Precision Mapping of Coastal Wetlands: An Integrated Remote Sensing Approach Using Unoccupied Aerial Systems Light Detection and Ranging and Multispectral Data

Author:

Pricope Narcisa Gabriela1ORCID,Halls Joanne Nancie2,Dalton Elijah Garrett3,Minei Asami2,Chen Cuixian4,Wang Yishi4

Affiliation:

1. Department of Geosciences, Mississippi State University, Starkville, MS 39579, USA.

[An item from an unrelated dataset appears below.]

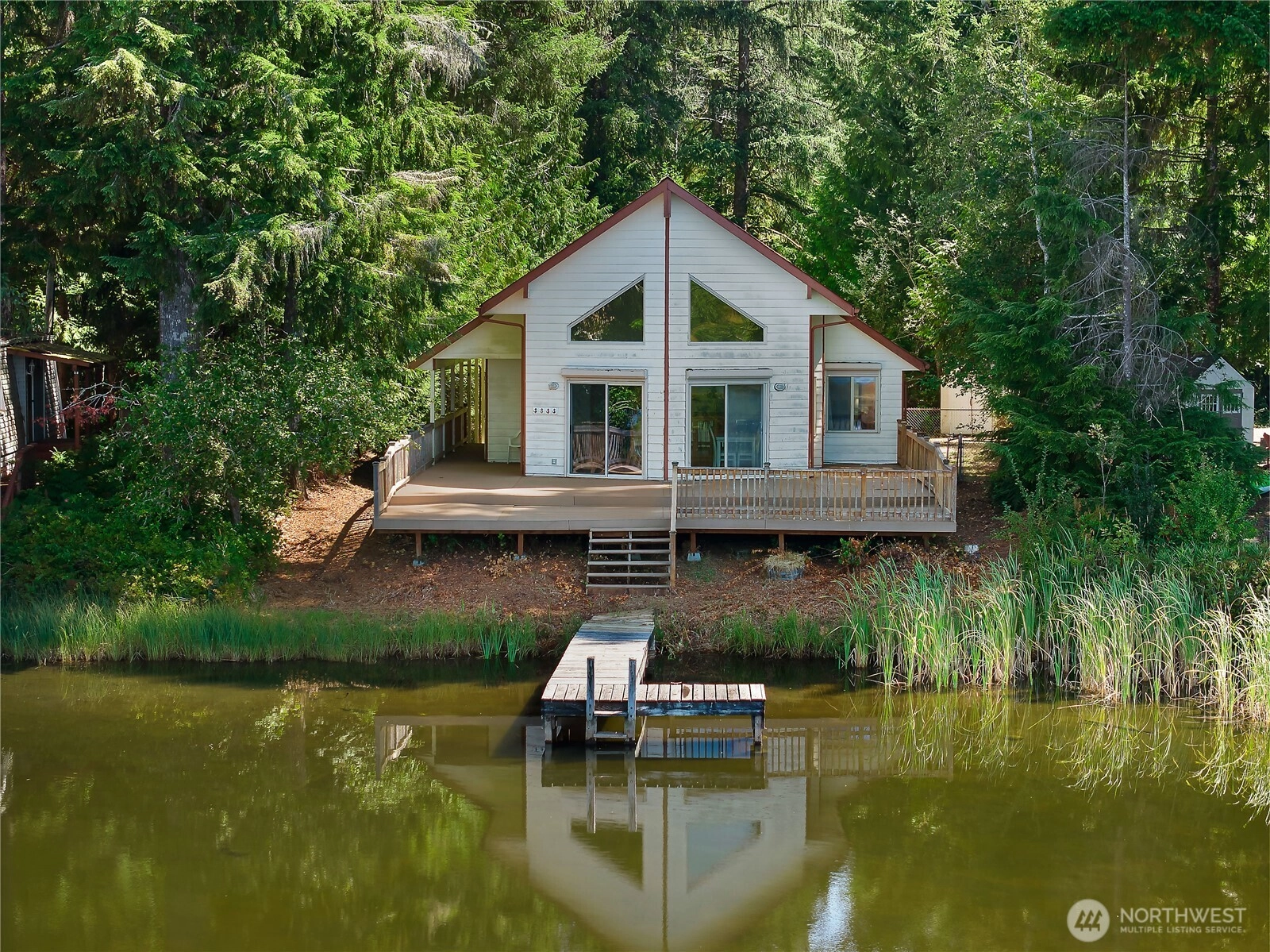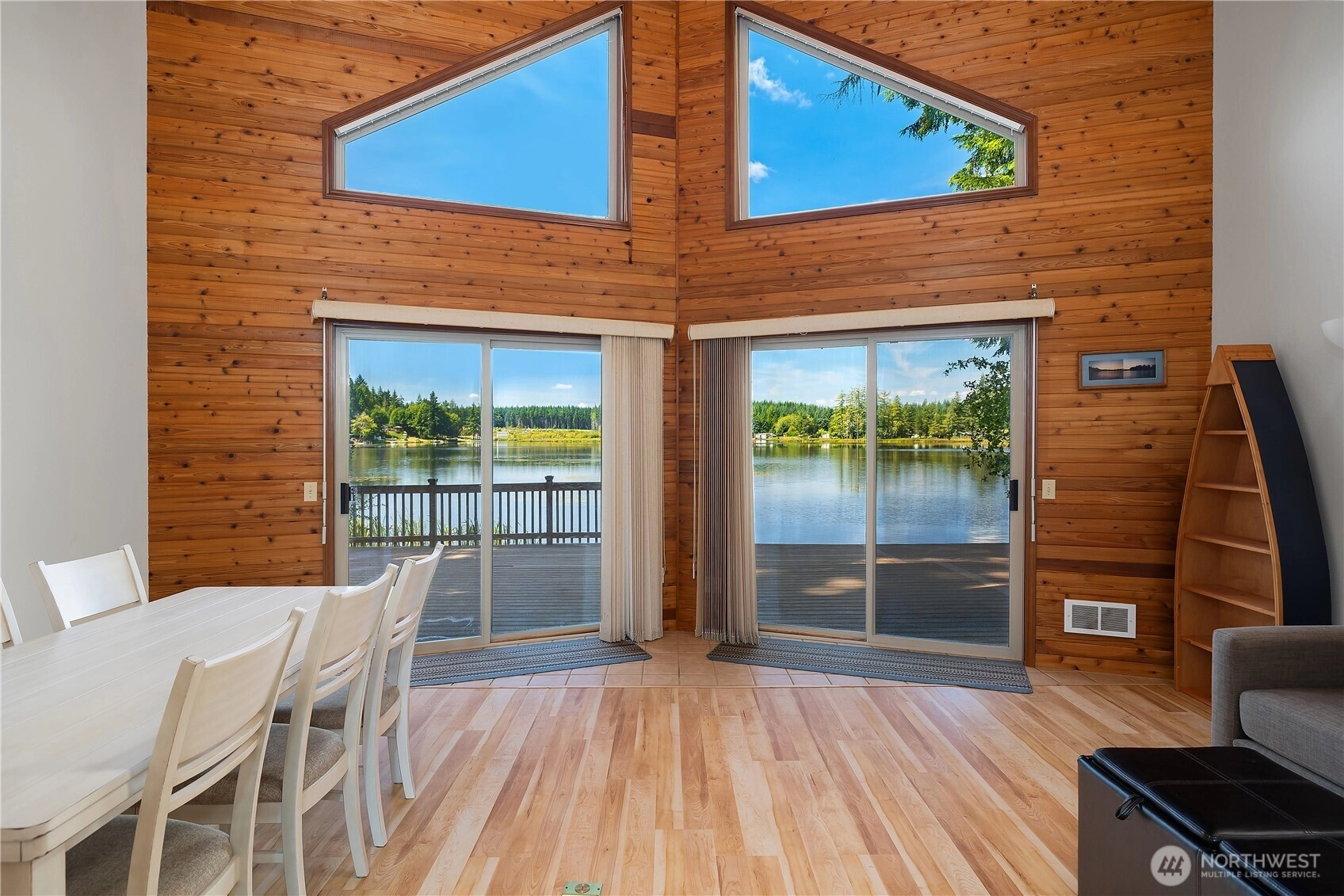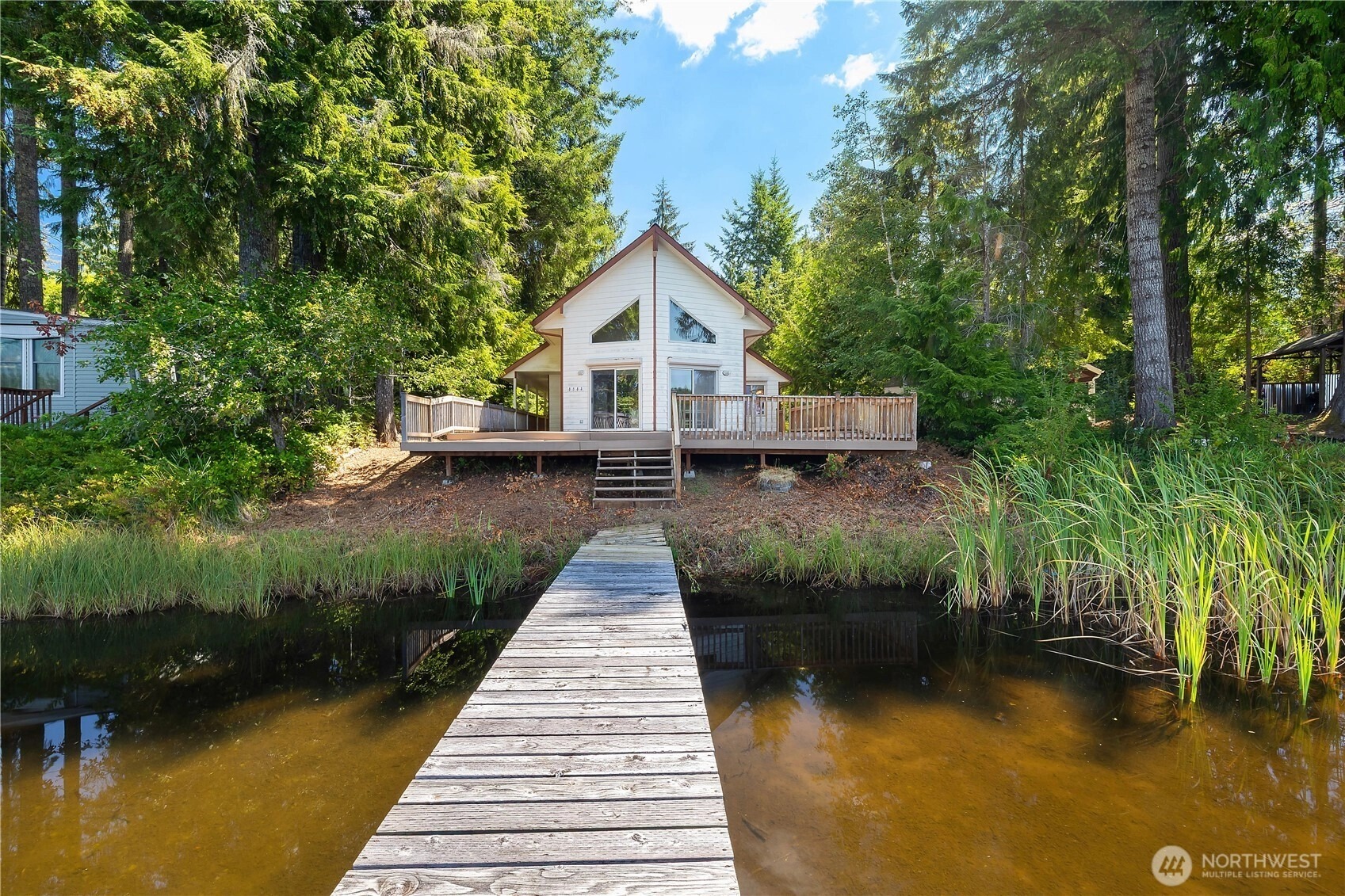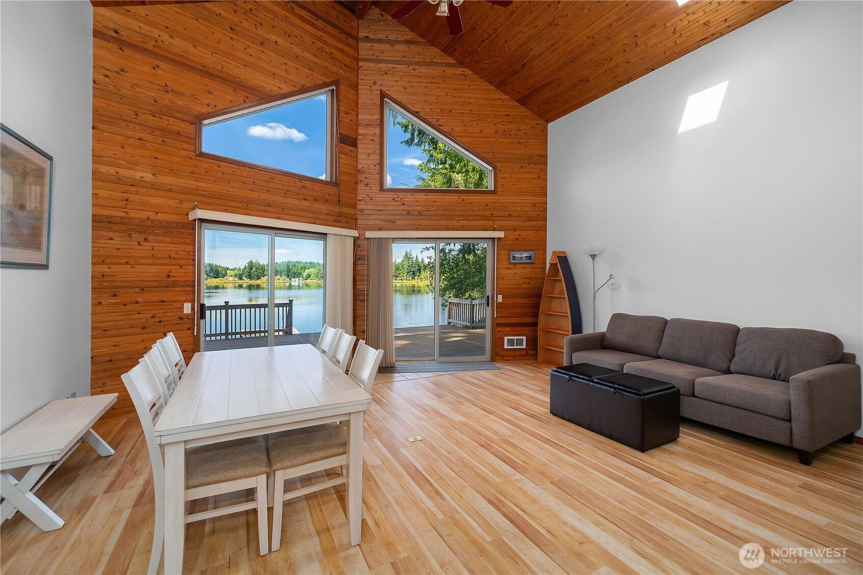Welcome to your serene lakeside getaway! Nestled on a generous .52-acre lot, this beautifully crafted 2-bedroom, 1.5-bath home offers 1,204 sq ft of inviting living space that perfectly balances rustic charm with modern comfort. Step inside and be greeted by soaring vaulted ceilings, rich wood paneling, and an abundance of natural light pouring through striking angular windows and a skylight above. The open-concept living and dining area flows effortlessly out onto an expansive deck, offering unobstructed water views your front-row seat to nature’s beauty, just steps from your private dock. This property is designed for both relaxation and peace of mind, featuring metal roll-up doors that provide additional security and storm protection.

2. Department of Earth and Ocean Sciences, University of North Carolina Wilmington, Wilmington, NC 28409, USA.

3. Spatial Informatics Group LLC, Pleasanton, CA 94566, USA.

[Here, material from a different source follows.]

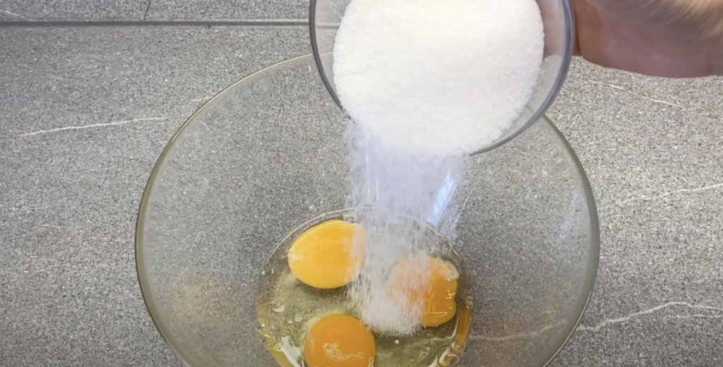 Wbić jajka do miski. Dodać cukier, cukier wanilinowy i zmieszać.
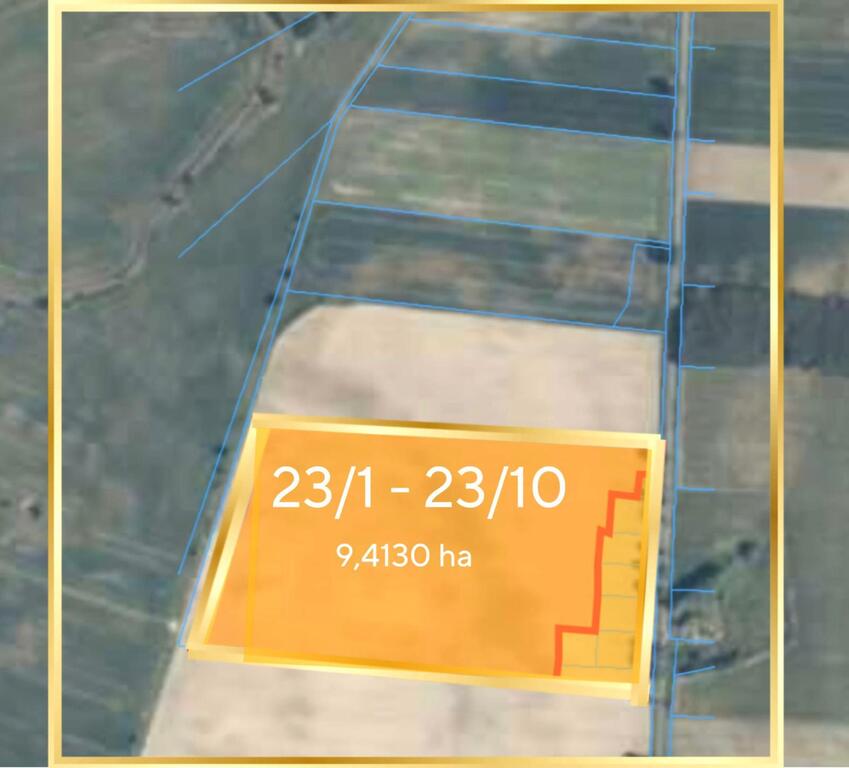 - Kompleks działek 23/1 – 23/10 – łącznie 9,4130 ha (układ idealny pod podział i zabudowę mieszkaniową).

4. Department of Mathematics and Statistics, University of North Carolina Wilmington, Wilmington, NC 28409, USA.

Abstract

Coastal wetlands, crucial for global biodiversity and climate adaptation, provide essential ecosystem services such as carbon storage and flood protection. These vital areas are increasingly threatened by both natural and human-induced changes, prompting the need for advanced monitoring techniques. This study employs unmanned aerial systems (UASs) equipped with light detection and ranging (LiDAR) and multispectral sensors to survey diverse wetland types across 8 sites in North Carolina. Utilizing high-resolution elevation data and detailed vegetation analysis, coupled with sophisticated machine learning algorithms, we achieved differentiated and highly precise classifications of wetland types. Classification accuracies varied by type, with estuarine intertidal emergent wetlands showing the highest classification accuracies due to less complex vegetation structure and clearer spectral signatures, especially when collections account for tidal influence. In contrast, palustrine forested and scrub–shrub wetlands presented lower accuracies, often due to the denser, mixed, and more complex vegetation structure and variable inundation levels, which complicate spectral differentiation and ground returns from LiDAR sensors. Overall, our integrated UAS-derived LiDAR and multispectral approach not only enhances the accuracy of wetland mapping but also offers a scalable, efficient, and cost-effective method that substantially advances conservation efforts and informs policy-making for coastal resilience. By demonstrating the usefulness of small-scale aerial data collection in ecological mapping, this study highlights the transformative potential of merging advanced technologies in environmental monitoring, underscoring their critical role in sustaining natural habitats and aiding in climate change mitigation strategies.

Funder

North Carolina Department of Transportation

Publisher

American Association for the Advancement of Science (AAAS)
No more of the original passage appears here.